Droplet microfluidics—a tool for protein engineering and analysis

Haakan N. Joensson and Helene Andersson-Svahn *
Albanova University Center, Royal Institute of Technology (KTH), Stockholm, Sweden. E-mail: helene.andersson-svahn@biotech.kth.se

First published on 7th October 2011

Introduction

Protein engineering is a field that seeks to tailor-make the traits of proteins from natural precursors or de novo designed proteins. Inhabiting the subcellular length scale, and an aqueous environment, the efficient screening and analysis of proteins calls for fluid handling on the micro scale. Microfluidics has come to play an important supporting role in DNA sequencing, with many of the most common DNA sequencing instruments including vital microfluidic components of some form. Furthermore, a number of companies utilizing droplet microfluidics are currently offering products related to DNA sequencing. Microfluidic tools for protein engineering can build on these advances. In this focus article we will further explore the application of droplet microfluidics for protein engineering.

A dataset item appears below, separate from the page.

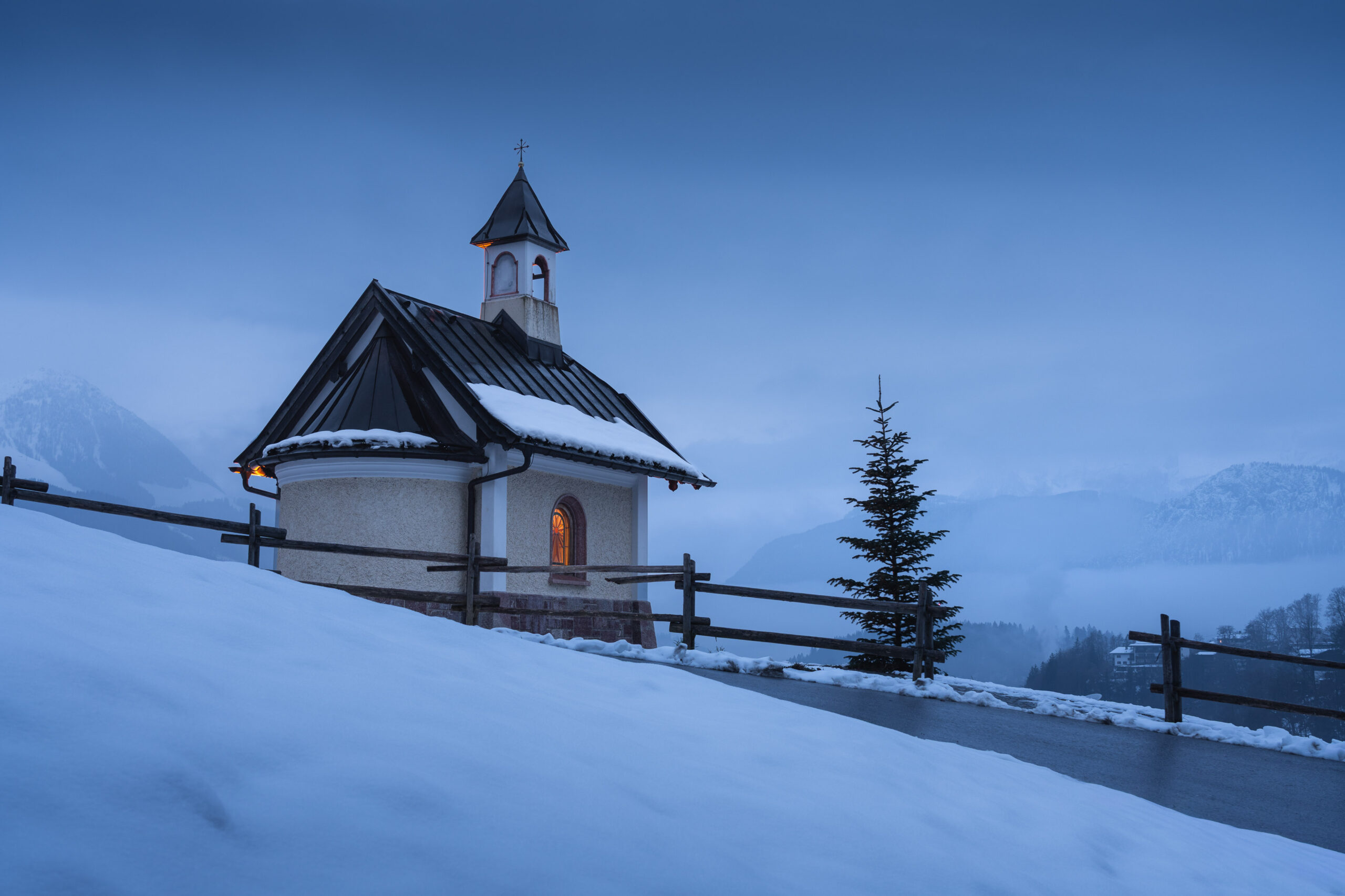 Der nächste Morgen führte mich dann hoch auf einen Hügel über Berchtesgaden selbst, um dort ein ganz berühmtes Motiv zu fotografieren: Die Kirchleitn Kapelle. Im Duett mit dem im Hintergrund normal zu sehenden Watzmann ergeben sich wunderschöne Bilder. Das Problem: Der Watzmann wollte sich nicht zeigen.

Engineered proteins are expected to be increasingly important in industrial biotechnology-based manufacturing of commodities such as fine chemicals and fuels, many of them related to bioenergy and biosustainability as discussed in our last article.1 Recent estimates value the industrial enzymes market in the multi-billion dollar range. The manufacture of therapeutics and implementation of their use offer significant areas for engineered proteins to make an impact. The 2010 biologicals market reached $149 billion, where protein therapeutics accounted for 49% and monoclonal antibodies for 32%. Currently, more than 130 protein therapeutics have been approved for clinical use by the US Food and Drug Agency.2 These proteins range from enzymes and affinity molecules to protein hormones, vaccines and proteins used in diagnostics. Even though not all of these proteins were specifically engineered, the proportion of engineered proteins is large and still rising.

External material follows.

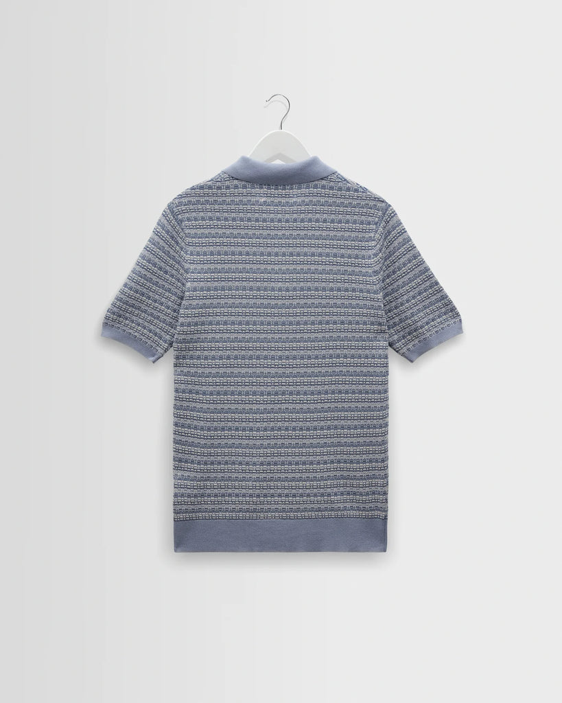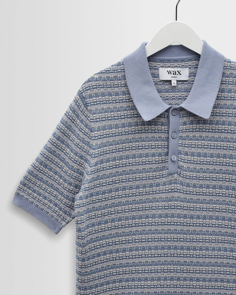 Wax London Naples Mini Geometric Knitted Polo - Light Blue

The cost of DNA synthesis (Fig. 1) by conventional means has decreased to a fraction of a dollar per base pair. At the same time novel microfluidic solutions for DNA synthesis have been developed.3 The low costs of DNA synthesis combined with the large number of protein library technologies at hand—with capacities to produce 108–1015 different sequences—has created a need for automated high-throughput technologies to effectively screen and analyze proteins that can cope with the size of these libraries.

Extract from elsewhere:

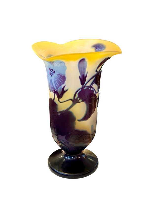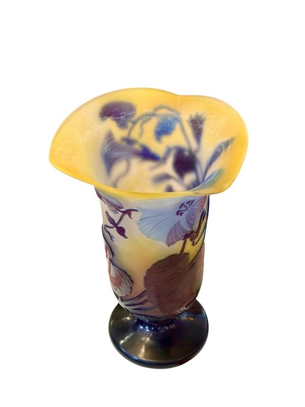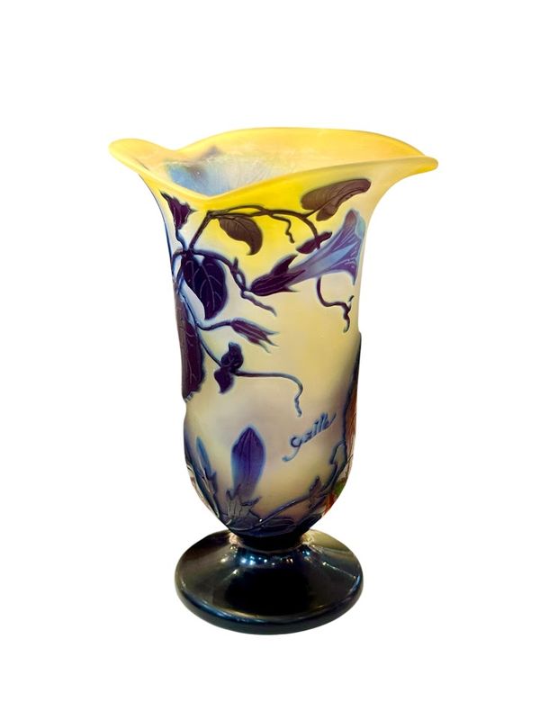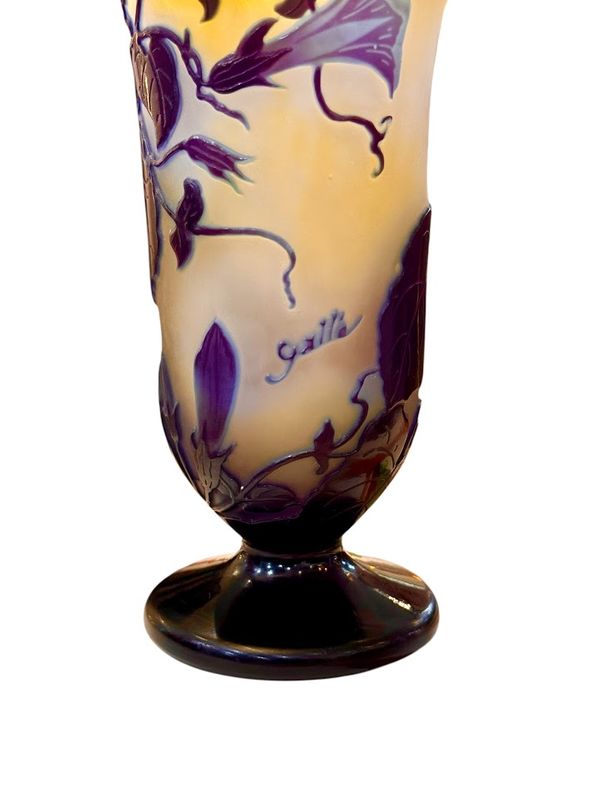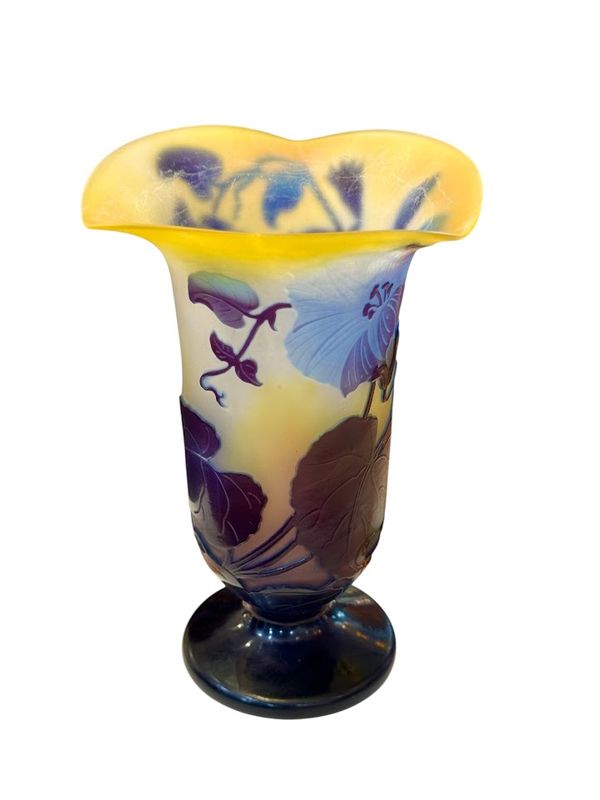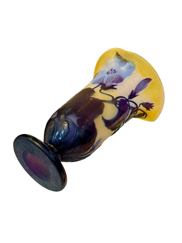 Emile Gallé Vase “Volubilis Bleues” nathalie rousselot2025-09-12T16:24:20+02:00 Description de l'objet strong> 9 12 septembre 2025 Verrerie Vase-Gallé-volubilis-Bleues- Vase STYLE: Art Nouveau ARTISTE: Etablissements Emile Gallé ANNÉE: 1918-1931 DIMENSIONS: H: 17 cm D: 10,5 cm PRIX : 3200 Euros Plus d'information Jolie vase balustre sur piédouche à col en corolle en verre triple. Décor gravé en profondes réserves à l'acide de feuillages et de fleurs de volubilis bleues, sur un fond satiné de jaune et blanc. Beau rendu lumineux ! Mes Messages strong> Compétences: Art Nouveau Vase Gallé "Aux Volubilis" nathalie rousselotCréateur du site Partager Facebook Gazouillement LinkedIn Google + Email

The cost per base pair in US dollars (USD) of DNA synthesis, short oligonucleotide synthesis and DNA sequencing over the last 20 years. Image adapted from www.synthesis.cc with permission.
Fig. 1 The cost per base pair in US dollars (USD) of DNA synthesis, short oligonucleotide synthesis and DNA sequencing over the last 20 years. Image adapted from http://www.synthesis.cc with permission.

Droplet microfluidics

Droplet microfluidics involves the controlled formation and manipulation of nano- to femtolitre droplets of one fluid phase in another fluid immiscible with the first. Earlier systems exploiting two immiscible fluids for biological experimentation have been utilized for protein analysis prior to the advent of microfluidic circuits for droplet generation, notably in 1961 the Nobel Prize winner Joshua Lederberg used aqueous droplets in oil to study the characteristics of β-galactosidase4 in what has to be one of the earliest examples of a single biomolecule study. Generation of droplets in microfluidic circuits has however enabled the formation of droplets with an extreme monodispersity of size, enabling quantitative assays in droplets. In many cases aqueous droplets are generated in a hydrocarbon or fluorocarbon oil continuous phase containing surfactants to stabilize the interface, allowing the droplets to remain stable over long periods of time. The development of a multitude of functional manipulations of droplets e.g., splitting, fusion, incubation, and most notably active sorting, capable of processing thousands of droplets per second, provides the basis for automated high-throughput handling of fluid packets. Combined with biological assays these manipulations have the potential to serve as a high-throughput screening and experimentation platform.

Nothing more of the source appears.